OCTで医療従事者が押さえるべきポイントは、「瘢痕化した病変は境界が比較的はっきり見えることが多い」一方で、「再燃すると境界の明瞭さが落ち、滲出所見が付く」という動的な捉え方です。近視性黄斑部新生血管(MNV)のガイドラインでは、抗VEGF治療後に瘢痕化したMNVがRPEに囲い込まれ、OCT上で高反射のラインで縁取られること、そして再燃でそのラインが不明瞭化しうることが示されています。再燃の変化は強くないこともあるため、過去画像との比較が実務上の要です。
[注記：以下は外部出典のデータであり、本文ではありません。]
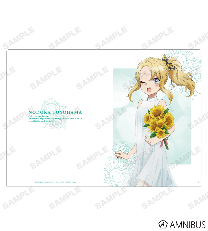 アニメイトで開催された「『青春ブタ野郎はバニーガール先輩の夢を見ない』サマーフェア 2021 in アニメイト」描き下ろしイラストのひまわりを持った白いワンピース姿の豊浜のどかをメインにデザインしました。

近視性黄斑部新生血管の診療ガイドライン(OCT所見・囲い込み・再燃評価)
また「瘢痕=終わった病変」と決めつけると、治療介入のタイミングを逃しやすくなります。近視性MNVでは、活動性があれば治療が必要であり、活動性判断にはOCTに加えてFA/OCTAが重要とされます。OCTAは血流の有無の評価ができる一方で、瘢痕期/萎縮期でも血流シグナルが残ることがあり、活動性評価には向きにくいという“落とし穴”も整理されています。
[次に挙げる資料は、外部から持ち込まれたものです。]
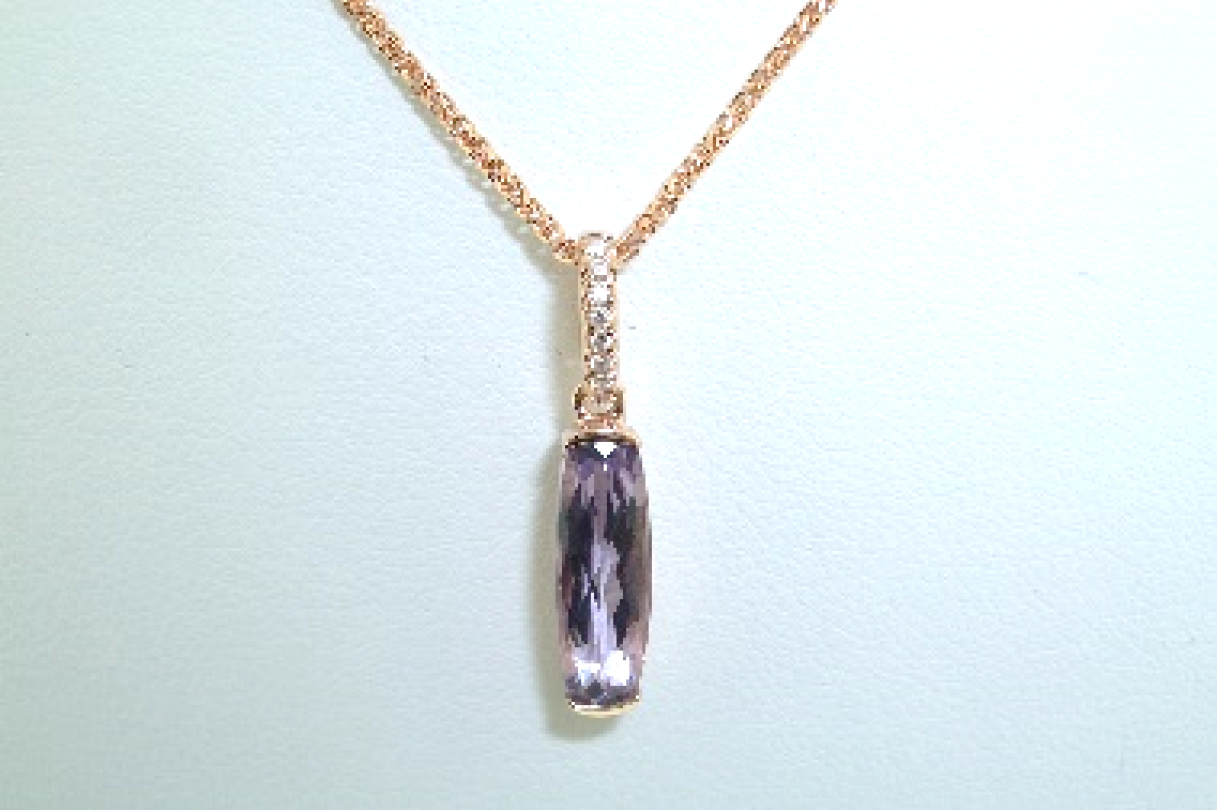Ladies 14k rose gold pendant set with (1) one 12x4 cushion cut lavender amethyst weighing 1.40 carats and (8) eight round brilliant cut diamonds weighing .03 carats. Complete with a 14k rose gold diamond cut wheat chain measuring 18 inches in length.

臨床での観察ポイントを、脈絡膜瘢痕を見た瞬間の「次の手」に落とし込むと以下です。
- 🔍 OCTで確認:網膜下液、囊胞様黄斑浮腫、SHRM、出血に対応する高反射、RPEラインの連続性。
- 🧭 過去画像と比較:囲い込み(encapsulation)の明瞭さ、滲出の増減、外網膜構造(EZなど)の変化。
- 🗓️ フォロー設計:症状(歪視・中心暗点)の有無が鋭敏な指標になりうるため、患者訴えも合わせて再燃を拾う。
脈絡膜瘢痕と蛍光眼底造影
脈絡膜瘢痕の診療でFA(フルオレセイン蛍光眼底造影)が強いのは、「今、漏れているか」「血管性病変が隠れていないか」を比較的はっきり見せてくれる点です。とくに病的近視で問題になるのが、近視性MNVと単純型黄斑部出血の鑑別です。ガイドラインでは、眼底所見とOCTだけでは鑑別が難しい場合がしばしばあり、FAまたはOCTAでMNVの存在確認が必要とされています。さらに、近視性MNVでは出血があってもその中に過蛍光が示されることが多いのに対し、単純型黄斑部出血では蛍光ブロックとして観察される、という対比が明確に示されています。
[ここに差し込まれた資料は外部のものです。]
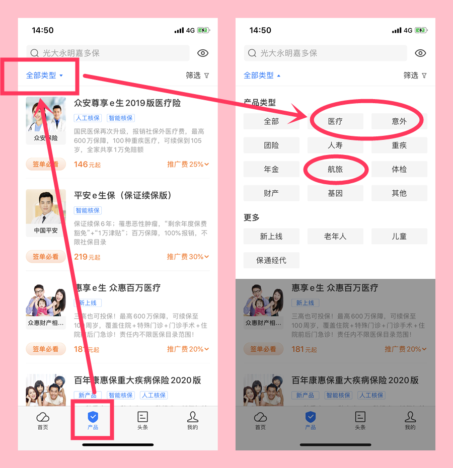 第二步:选择您要的险种:医疗险、意外险或航旅产品。选完就会显示出该险种下的所有产品。
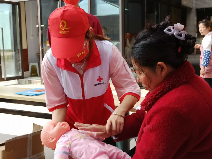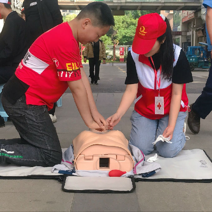在人群密集的藕塘社区广场,急救协会志愿者陈春燕通过简单易懂的方法让社区居民初步了解了CPR的基础操作,普及了CPR技术。急救协会社员郭晓玲把自己在急救协会学会的海姆立克急救法通过自己的细心讲解,让社区孩子的妈妈快速掌握了海姆立克急救法的操作,真正地把自己的知识做到学以致用。

近視性黄斑部新生血管の診療ガイドライン(FAでの鑑別の要点)
つまり、同じ「出血+瘢痕っぽい変化」に見えても、FAで“漏れる点があるか”が治療方針を分けます。抗VEGFが必要なMNVなのか、自然吸収を待ちうる単純型黄斑部出血なのかで、患者説明もフォロー間隔もまったく変わるためです。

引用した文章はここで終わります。